Brown Paper Tickets (BPT), a Seattle-based virtual box office firm, has had two legal complaints filed against it after allegedly failing to refund customers and artists.

Attorneys filed legal actions against the ticket broker in King County Superior Court in August on behalf of ticket buyers with a class-action complaint requesting a jury trial, and on behalf of 16 event producers petitioning the court to appoint a general receiver to seize BPT’s assets.
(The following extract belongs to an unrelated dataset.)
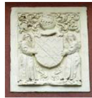
armes des Gentien (par leurs descendants Hennequin alliés aux de Mesmes) (Ecuries du château, Parc de la Mairie de Roissy)
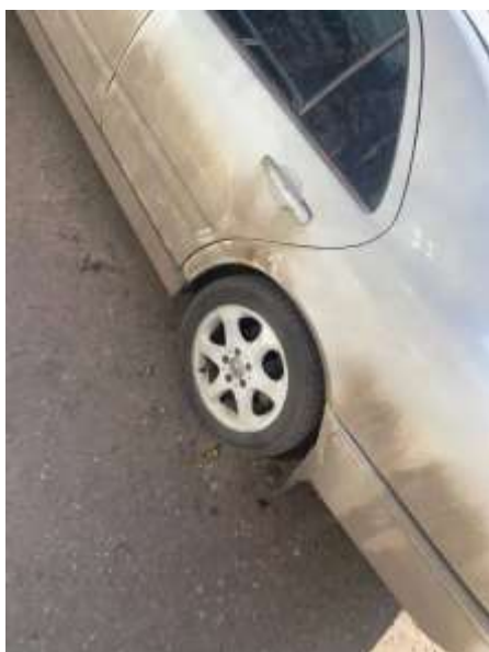
Фото №3. Общий вид

The customers said tickets they purchased through BPT’s website were not refunded after COVID-19 forced the cancelation and postponement of thousands of events.

Meanwhile, the event producers allege that BPT has not paid them in full for ticket proceeds. They state in the court petition that they are each a “small performing arts group, community cultural group or entertainer” that entered into an agreement for BPT to sell tickets to their events, and that BPT’s “failure to pay the ticket proceeds to them has caused severe financial hardship and continuing potentially irreparable damage.”

According to the Seattle Times, BPT was once one of the region’s most popular ticket brokers for small- to mid-sized theaters and community organisations because of its lower service fees.

In March, BPT founder and president William Jordan said the firm had “lost control” of its cash flow and had to shut down outgoing payments to everyone.

Jordan said: “We lost control over which payments were able to clear and which weren’t. And we managed to p*** off everybody.”

Between March and September, a database with the Washington state Attorney General’s Office tabulated 489 complaints against BPT.

TheTicketingBusiness has contacted BPT for comment.